During World War II, Crimi went to work for Sperry Gyroscope making drawings of weapons and instruments for military training manuals.

After the war, Crimi worked as a painter and watercolorist. His style evolved into abstractionism, including his painting "Metropolis", which "uses rectangular and abstract geometrical forms to represent a modern city." He held numerous shows and was credited with having nine solo shows by 1963 when Francis Quirk organized an exhibit at Lehigh University.

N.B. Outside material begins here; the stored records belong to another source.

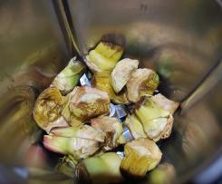 - Pulire i carciofi in modo da ottenerne circa 400 grammi e tagliarli in quarti.
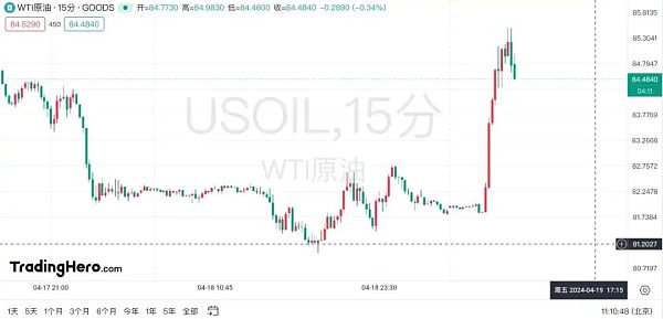 中東地緣沖突對全球金融市場的影響不能被忽視。自去年以來,特別是今年初現貨ETH的出現,比特幣作為「避險資產」屬性成為了一種謎。其實,它更像是一種「風險資產」,與全球宏觀環境和牛熊周期更為密切相關。而伊朗和以色列之間的沖突加劇了中東地緣政治風險,可能對全球石油供應產生拖累——就在今日上午,美國WTI原油期貨價格日內漲超過2.5%,一度站上85美元/桶,布倫特原油期貨價格也**漲超過89美元/桶。
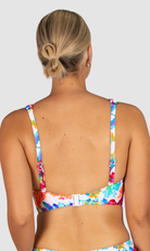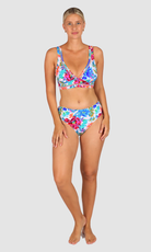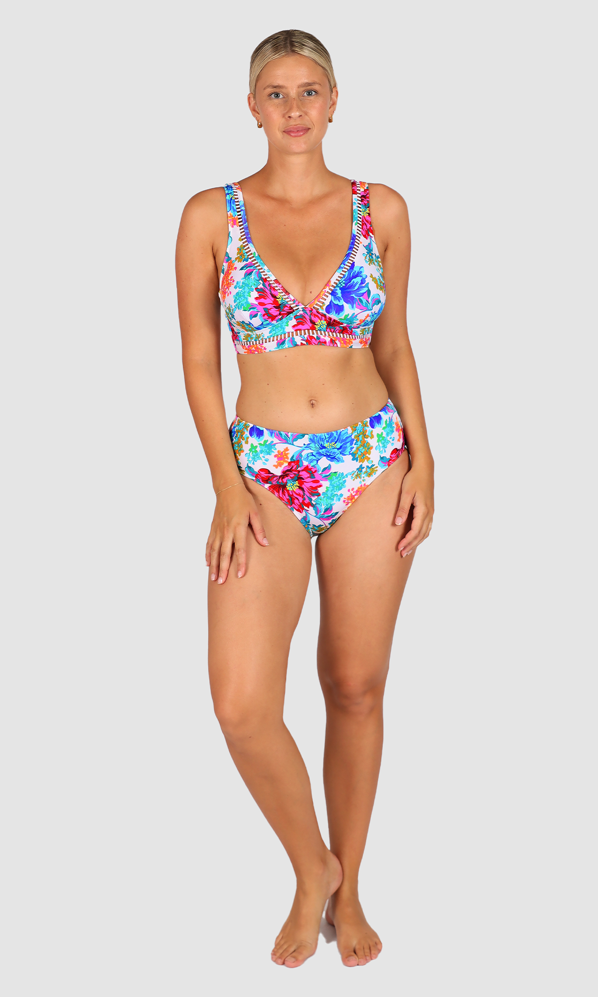 Baku's Le Jardin D-DD Longline Bikini Bra features a flattering dropped neckline highlighted with ladder lace detailing around the neck and under the bust. It also features removable cups, lycra cup support and boning support. It has adjustable and convertible straps and fastens with a clip back.

Crimi painted a number of murals. Notably, he was hired by the Federal Art Project of the Works Progress Administration (WPA) for the Harlem Hospitals murals project. He also worked for the Public Works of Art Project in Key West, Florida.

Significant murals include:
- Hampshire County Courthouse mural, Northampton, Massachusetts (1940)
- Harlem Hospital, New York NY (1940)
- Post Office Mural, Wayne, Pennsylvania (1941)
- Clinton Federal Building, Washington DC (1937)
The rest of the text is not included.